The ratio Bax/Bcl-2 is not altered between the experimental groups suggesting that mitochondrial membrane integrity is preserved. Following the apoptotic cascade, we assessed caspase-9 and caspase-3 levels. We observed a significant downregulation of caspase-9 mRNA levels in SCs cultured in insulin deprivation conditions concomitant with the significant decrease detected in cleaved caspase-9 protein levels. Once activated, caspase-9 cleaves and activates the effector caspase-3. Caspase-3 is usually known as an endpoint for apoptosis, marking the nonreturning point of the apoptotic process [55]. Indeed, caspase-3 activity is widely used as a hallmark for apoptosis, as it allows a qualitative and a quantitative assessment of the apoptotic process [56]. As expected, caspase-3 mRNA levels and activity were significantly decreased in SCs cultured in insulin deprivation conditions. Thus, our results show that insulin deprivation decreases the caspase-dependent apoptotic signaling in cultured rat SCs. Since SCs are responsible for determining the number of germ cells that can be supported through spermatogenesis [7, 8], consequently an alteration in SCs apoptotic levels may be sufficient to alter germ cells population. However, SCs require a well functioning of glucose metabolism to provide the amount of energy necessary to germ cells [3, 22, 57]. Recent studies proved that insulin deprivation in SCs resulted in altered glucose consumption and a substantial decrease in lactate secretion [25]. Although cultured SCs in insulin deprivation conditions proved to adapt their glucose metabolism [25], they are not able to support the energy requirements of germ cells since lactate production, the major germ cells energy substrate, is significantly decreased. This emphasizes the importance of the regulation of SCs apoptosis as decreased apoptotic signaling in SCs under these conditions may alter spermatogenesis and fertility. This mechanism may explain the fertility problems and SCs abnormalities found in male with T1DM [29, 30, 46], which represents an in vivo situation characterized by the total lack of insulin. The experiments presented herein are a first step to elucidate the role of insulin in the apoptotic control of SCs. Taken together, our results suggest that T1DM associated fertility problems may be linked to a malfunctioning of metabolism and apoptotic signaling in SCs.

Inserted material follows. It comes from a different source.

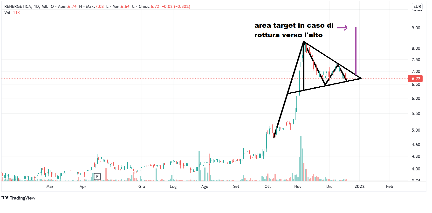 Prende forma, invece, il triangolo sul grafico di Renergetica (venerdì Lombard Stock Index di 47). Dal primo massimo di 8,30 del 5 novembre, passiamo al minimo di 6,48 del 26 novembre e poi al massimo di 7,28 dell’8 e 9 dicembre, che si è confermato essere il secondo massimo, dato che nelle sedute successive la quotazione è scesa, toccando quello che per il momento è il secondo minimo in data 17 dicembre (quotazione di 6,64).
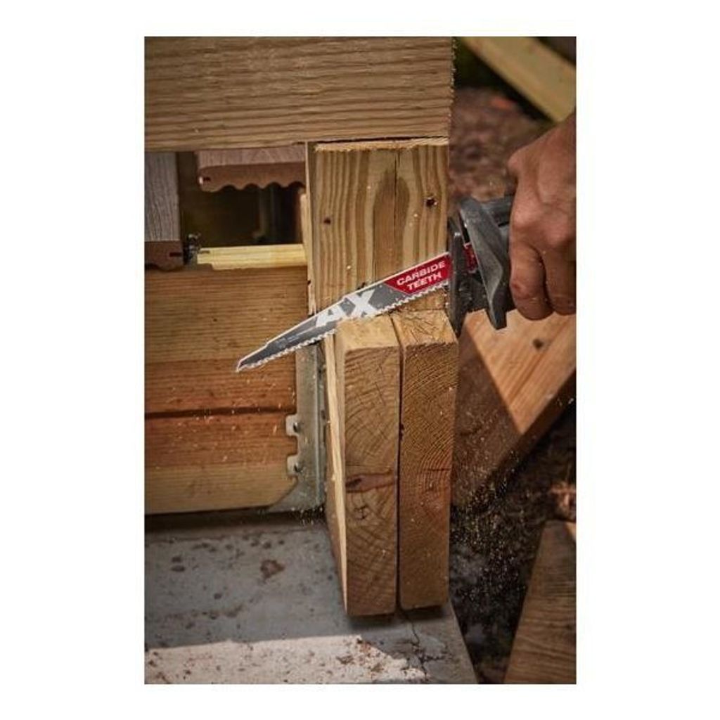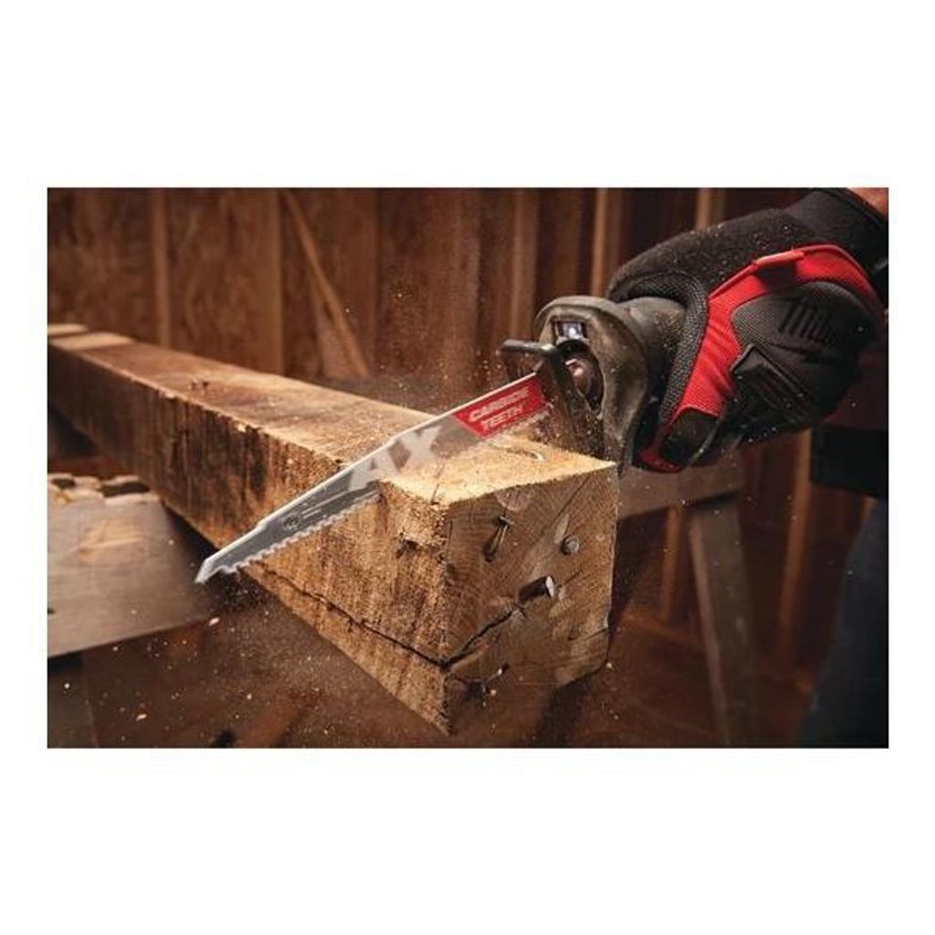 Milwaukees AX tigersågblad med karbidtänder är konstruerat för att leverera lång livslängd i de tuffast applikationerna samtidigt som det är ett av de snabbaste sågbladen på marknaden. AX-bladet har en optimerad hårdmetallteknik som ger extremt lång livslängd och en aggresiv 5 TPI-bladdesign som möjliggör snabb sågning i trä och trä med spik.

The role of insulin in the apoptotic pathways of SCs has not been investigated so far. Nevertheless, in other cellular systems, such as neurons [58], insulin deprivation has proved to induce apoptosis. Noteworthy, high levels of insulin were also associated with stimulation of the apoptotic pathways in beta cells [59] thus evidencing the importance of this hormone in the regulation of the apoptotic process. SCs are not an exception and our results point towards a possible role of insulin in the regulation of the caspase-dependent apoptotic pathway. This is in agreement with previously described results supporting that DHT and E2 have an antiapoptotic action in in vitro immature rat SCs [60]. Our results confirm that apoptosis is a hormonally regulated process. As the apoptotic events controlled by SCs are crucial for the normal development of spermatogenesis and several pathologies are associated with insulin dysfunction, it is imperative to fully disclose the mechanisms by which insulin exerts its control over SCs apoptosis.